What does this PR do ?

Verifying and improving VLM Energon to work with videos, multiple images.
Task PR for reference: #3133

Note: this PR tested specifically for Qwen3-VL, which uses qwen3_vl_step. General VLM, which uses vlm_step will be left for future work.

Changelog

Add specific line by line info of high level changes in this PR.

GitHub Actions CI

See the CI sectionin the Contributing doc for how to trigger the CI. A Nvidia developer will need to approve and trigger the CI for external contributors.

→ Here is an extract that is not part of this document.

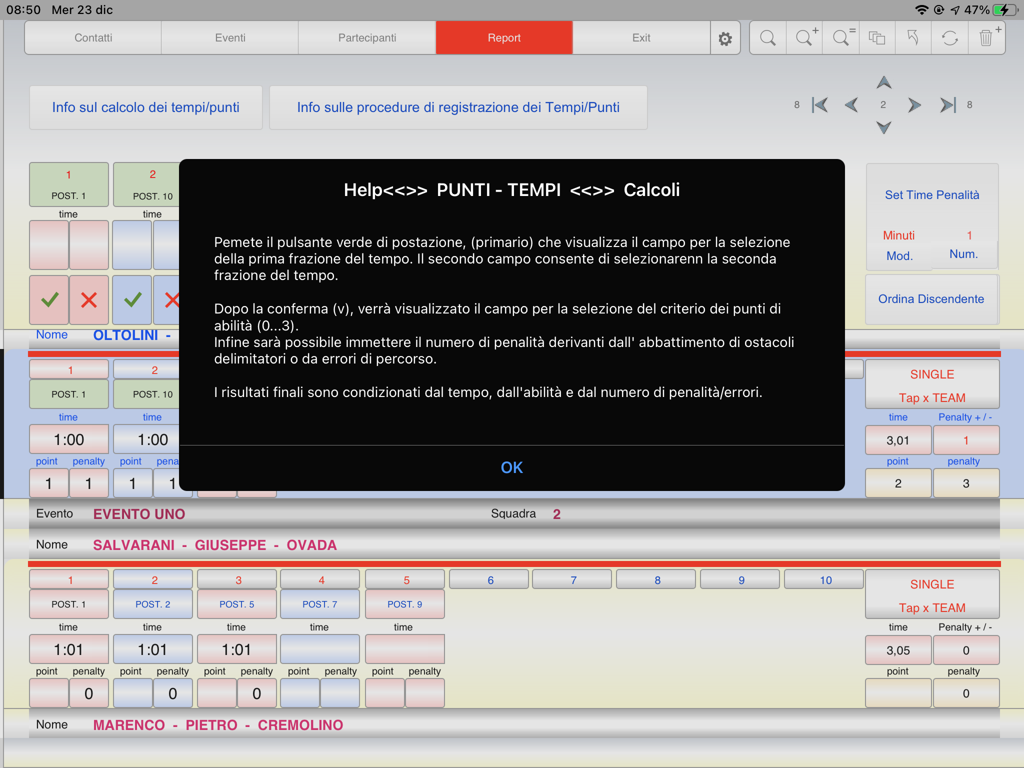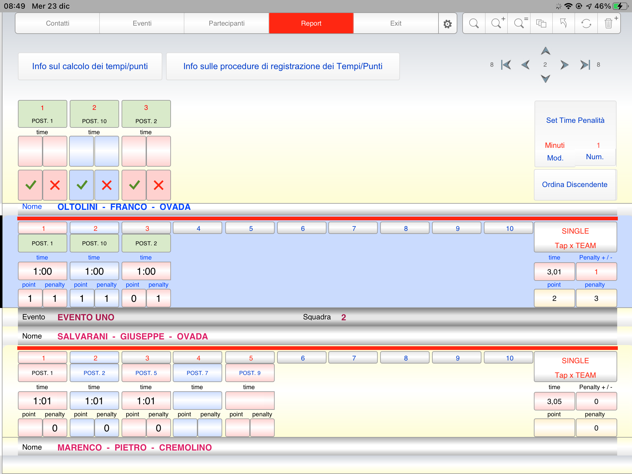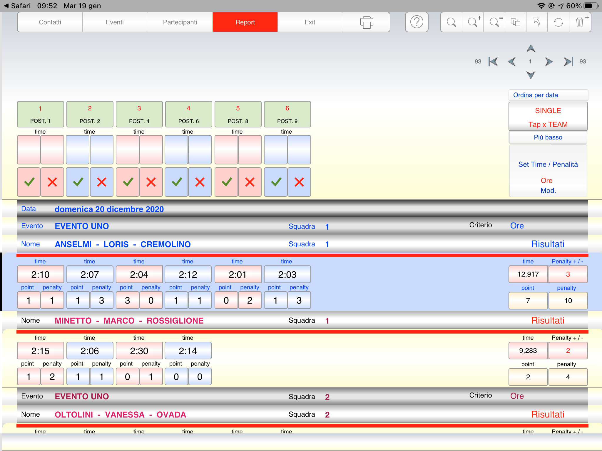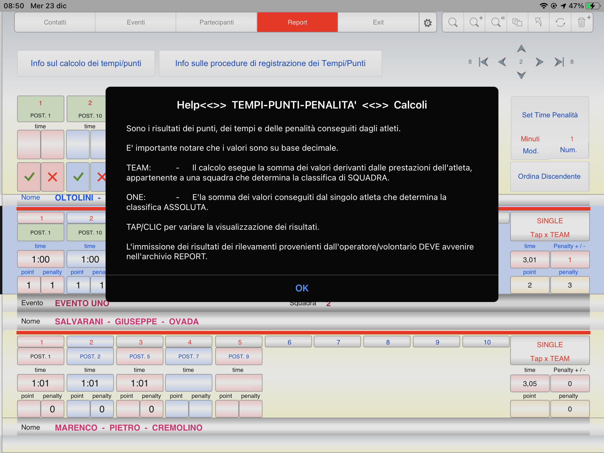 Al termine della manifestazione, le rilevazioni "manuali", verranno registrate dall'amministratore nell'archivio Report, nel quale saranno stilate le classifiche considerando i risultati di ogni partecipante in modalità "single " ed eventualmente "team" determinando la "classifica assoluta e/o di squadra".

Before your PR is "Ready for review"

Pre checks:

Make sure you read and followed Contributor guidelines
Did you write any new necessary tests?
Did you add or update any necessary documentation?
Does the PR affect components that are optional to install? (Ex: Numba, Pynini, Apex etc)
- Reviewer: Does the PR have correct import guards for all optional libraries?

If you haven't finished some of the above items you can still open "Draft" PR.

Additional Information

Related to # (issue)

copy-pr-bot · 2026-05-05T17:06:43Z

This pull request requires additional validation before any workflows can run on NVIDIA's runners.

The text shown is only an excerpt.